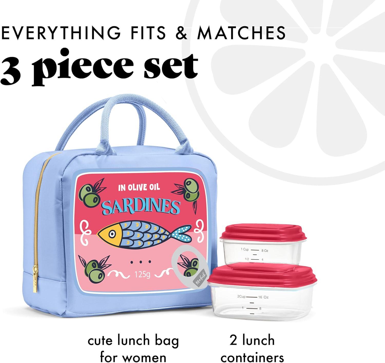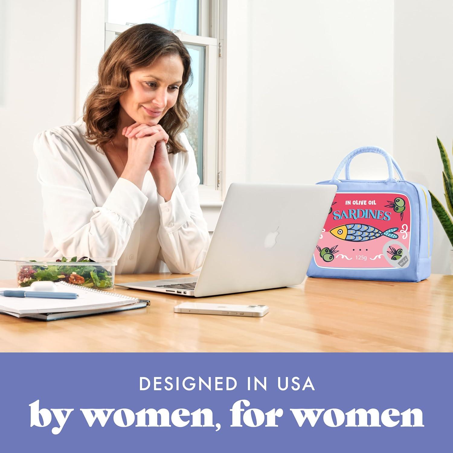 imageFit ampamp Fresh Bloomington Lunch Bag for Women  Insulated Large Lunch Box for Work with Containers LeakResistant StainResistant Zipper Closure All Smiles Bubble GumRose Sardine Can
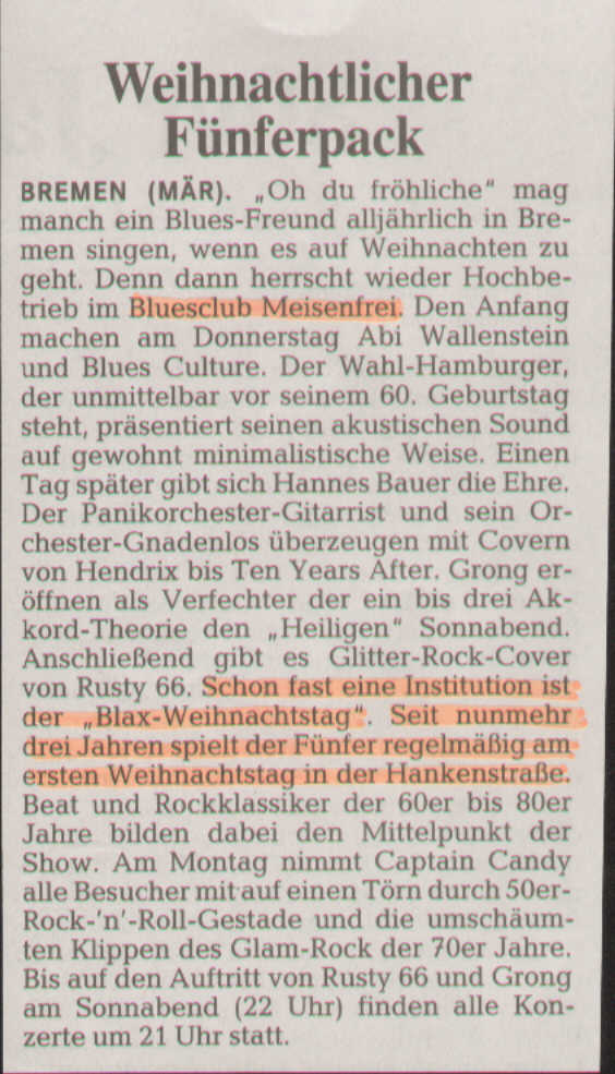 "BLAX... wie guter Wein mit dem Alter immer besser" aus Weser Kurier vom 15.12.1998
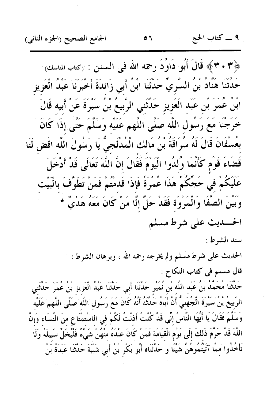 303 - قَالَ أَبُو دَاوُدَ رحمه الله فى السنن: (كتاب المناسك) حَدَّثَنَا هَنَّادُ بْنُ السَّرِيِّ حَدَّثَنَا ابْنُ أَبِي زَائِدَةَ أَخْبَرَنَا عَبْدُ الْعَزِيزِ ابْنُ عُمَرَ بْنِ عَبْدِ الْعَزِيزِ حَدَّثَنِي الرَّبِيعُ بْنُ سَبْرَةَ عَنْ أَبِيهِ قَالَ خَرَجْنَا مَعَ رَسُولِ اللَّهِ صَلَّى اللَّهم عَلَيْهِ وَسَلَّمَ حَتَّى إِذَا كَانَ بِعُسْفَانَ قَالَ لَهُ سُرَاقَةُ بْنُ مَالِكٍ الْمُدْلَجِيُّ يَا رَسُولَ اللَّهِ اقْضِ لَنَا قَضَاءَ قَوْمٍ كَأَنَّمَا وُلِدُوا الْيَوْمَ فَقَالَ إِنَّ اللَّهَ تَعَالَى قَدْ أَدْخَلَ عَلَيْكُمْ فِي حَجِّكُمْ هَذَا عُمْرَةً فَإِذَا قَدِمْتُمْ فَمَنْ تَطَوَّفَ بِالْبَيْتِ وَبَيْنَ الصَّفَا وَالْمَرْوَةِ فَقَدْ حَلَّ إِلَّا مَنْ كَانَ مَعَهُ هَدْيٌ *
++++++++
Exact copy, pictures removed: set down the whole listing above.

» Response to this task:
 imageFit ampamp Fresh Bloomington Lunch Bag for Women  Insulated Large Lunch Box for Work with Containers LeakResistant StainResistant Zipper Closure All Smiles Bubble GumRose Sardine Can
 "BLAX... wie guter Wein mit dem Alter immer besser" aus Weser Kurier vom 15.12.1998
 303 - قَالَ أَبُو دَاوُدَ رحمه الله فى السنن: (كتاب المناسك) حَدَّثَنَا هَنَّادُ بْنُ السَّرِيِّ حَدَّثَنَا ابْنُ أَبِي زَائِدَةَ أَخْبَرَنَا عَبْدُ الْعَزِيزِ ابْنُ عُمَرَ بْنِ عَبْدِ الْعَزِيزِ حَدَّثَنِي الرَّبِيعُ بْنُ سَبْرَةَ عَنْ أَبِيهِ قَالَ خَرَجْنَا مَعَ رَسُولِ اللَّهِ صَلَّى اللَّهم عَلَيْهِ وَسَلَّمَ حَتَّى إِذَا كَانَ بِعُسْفَانَ قَالَ لَهُ سُرَاقَةُ بْنُ مَالِكٍ الْمُدْلَجِيُّ يَا رَسُولَ اللَّهِ اقْضِ لَنَا قَضَاءَ قَوْمٍ كَأَنَّمَا وُلِدُوا الْيَوْمَ فَقَالَ إِنَّ اللَّهَ تَعَالَى قَدْ أَدْخَلَ عَلَيْكُمْ فِي حَجِّكُمْ هَذَا عُمْرَةً فَإِذَا قَدِمْتُمْ فَمَنْ تَطَوَّفَ بِالْبَيْتِ وَبَيْنَ الصَّفَا وَالْمَرْوَةِ فَقَدْ حَلَّ إِلَّا مَنْ كَانَ مَعَهُ هَدْيٌ *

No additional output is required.